Thanks Marcy.... Good Luck #1 & 5 Any news from the Qual?


----------



## Jiggy (Apr 14, 2003)

Open
1st-Turq/Trott-qualified for National
2nd-Mootsie/Shih
3rd-Boomer/Trott
4th-Woody/Knutson
RJ-Mozzie/Shih
Js-5,6,11,17,20,32,40

Congrats everyone!!


----------



## tshuntin (Mar 22, 2003)

Way to go Kenny and Ted!


----------



## ramblinmaxx (Nov 17, 2004)

Really proud of Eileen and the Ram x Raz pup Rosie on their win in the Qual!!


Marty & Lesa


----------



## Jiggy (Apr 14, 2003)

Qual:
1st-Howard/Check
2nd-Jaskowski/Rosie
3rd-Blythe
4th-Blythe

Not sure of JAMs. 
Congrats everyone!!!


----------



## MoJo (Mar 24, 2004)

Congratulations to Barb and Check!!! 3 2nd's and a first in 4 Quals...


----------



## Eric Fryer (May 23, 2006)

Congrats Kenny, Ted and Barb... Kenny was just telling me last weekend how bad he wanted to go back to the National this year. Very cool for all ya'll


----------



## ramblinmaxx (Nov 17, 2004)

sorry, I misunderstood Eileen when she called me about Rosie, I thought she said that Rosie won. 2nd place makes Rosie QAA also and I guess that is what Eileen told me. We are still very proud of them

Marty


----------



## RN (Feb 10, 2006)

Wow Marcy!!!! You and Kenny should be beyond proud. Way to go Turq!


----------



## helencalif (Feb 2, 2004)

Congratulations to all of the dogs who finished the Derby.


----------



## Jiggy (Apr 14, 2003)

Derby second hand:
1st - Gypsy/Roberts
2nd - Indy/Shih
3rd - Rascal/Trott
4th - Stanley/Fregelette
RJ - ?/Roberts

Congrats everyone!!


----------



## BBnumber1 (Apr 5, 2006)

Amatuer placements
1st Morgan/woody, 
2nd Swede/grover, 
3rd Morgan/Twist, 
4th jensen/angus, 
rj David munhollon,bullet, 
jams 
montinieri,sofi
morgan, shadow
harris,rosie
cruickshank,jax


----------



## Becky Mills (Jun 6, 2004)

WAY TO GO DAVID AND BULLET!!!!
Woohoo! The number one bird boy is now a bona fide AA handler!


----------



## Ted Shih (Jan 20, 2003)

BBnumber1 said:


> Amatuer placements
> 1st Morgan/woody,
> 2nd Swede/grover,
> 3rd Morgan/Twist,
> ...



Congratulations to all, but especially David and Bullet for their finish


----------



## BBnumber1 (Apr 5, 2006)

Congratulations to Kenny, Ted and Paul for their open placements.

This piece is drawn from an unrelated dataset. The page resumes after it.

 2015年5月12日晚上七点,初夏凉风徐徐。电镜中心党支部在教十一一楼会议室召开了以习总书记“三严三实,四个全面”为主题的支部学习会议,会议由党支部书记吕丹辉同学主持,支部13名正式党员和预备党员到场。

Congratulations to Larry, Swede and Wayne for their Amatuer placements.

Congratulations to all those who finished and placed this weekend.

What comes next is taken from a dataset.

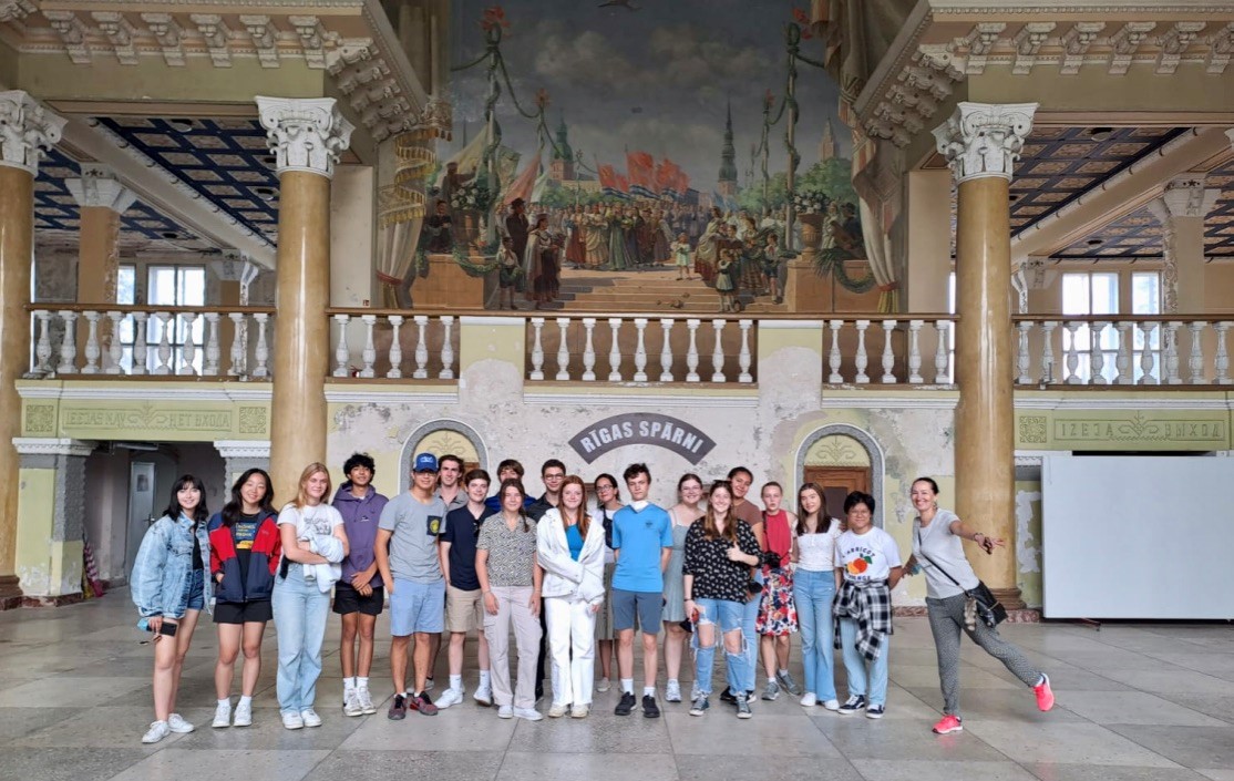 Greetings from sunny Riga! During Week 4 of the NSLI-Y Russian program in Latvia, students took advantage of a variety of opportunities to learn more about their host country and about Latvian and Russian culture. They enjoyed a tour of the Bank of Latvia, a discussion with students from the Riga Young Leaders School, a lecture about Soviet power in Latvia, language activities and games with peer language partners, and a full-day tour of Soviet Riga, including a visit to a formerly secret Soviet bunker.

This was my first All Age finish, with any dog. Bullet ran well for me. We also went 3 series in the Open, and might have went further, if I would have handled a little better on the water blind.

A huge thanks to the Cheyenne Retriever club, Wayne Jensen, Brian Bowles, Nate Walen, Barry Cruickshank, Doug Larson. I am sure I missed some.

Another huge thanks to the judges, Terry Claycamp and Mike Boley, who judged the Amatuer, and Don Graves and Dave Rowan who judged the Open.

I would like to thank Cherylon Loveland, who trains Bullet, and possibly more importantly, trains Me. 

Finally, I'd like to thank Lainee, for letting me run Bullet.


----------



## FOM (Jan 17, 2003)

Ted Shih said:


> Congratulations to all, but especially David and Bullet for their finish


Ditto!! Proud of them...


----------



## Andy Carlson (Jan 3, 2003)

Super duper news - Congratulations Team Bullet!!!!


----------



## MooseGooser (May 11, 2003)

Way to go David and Bullet.. Wow what that must be like!!

Also Congrats to that little Sophi girl.... Fer some reason I kinda have a thing for her..


Gooser


----------



## Aaron Homburg (Sep 23, 2005)

Way to go David!!! Also to all the placements!!!!

Aaron


----------



## kjrice (May 19, 2003)

Nice work David!


----------



## Rainmaker (Feb 27, 2005)

Congratulations to all, nice job with Bullet, David, and to John & Ted and everyone who finished!


----------



## Old School Labs (May 17, 2006)

Rainmaker said:


> Congratulations to all, nice job with Bullet, David, and to John & Ted and everyone who finished!


Ditto that, sorry I was not in town to support you guys in your pleacements.

Extra congrats to John M and Sofi, I know he wanted to qualify for the Natioanl AM.


----------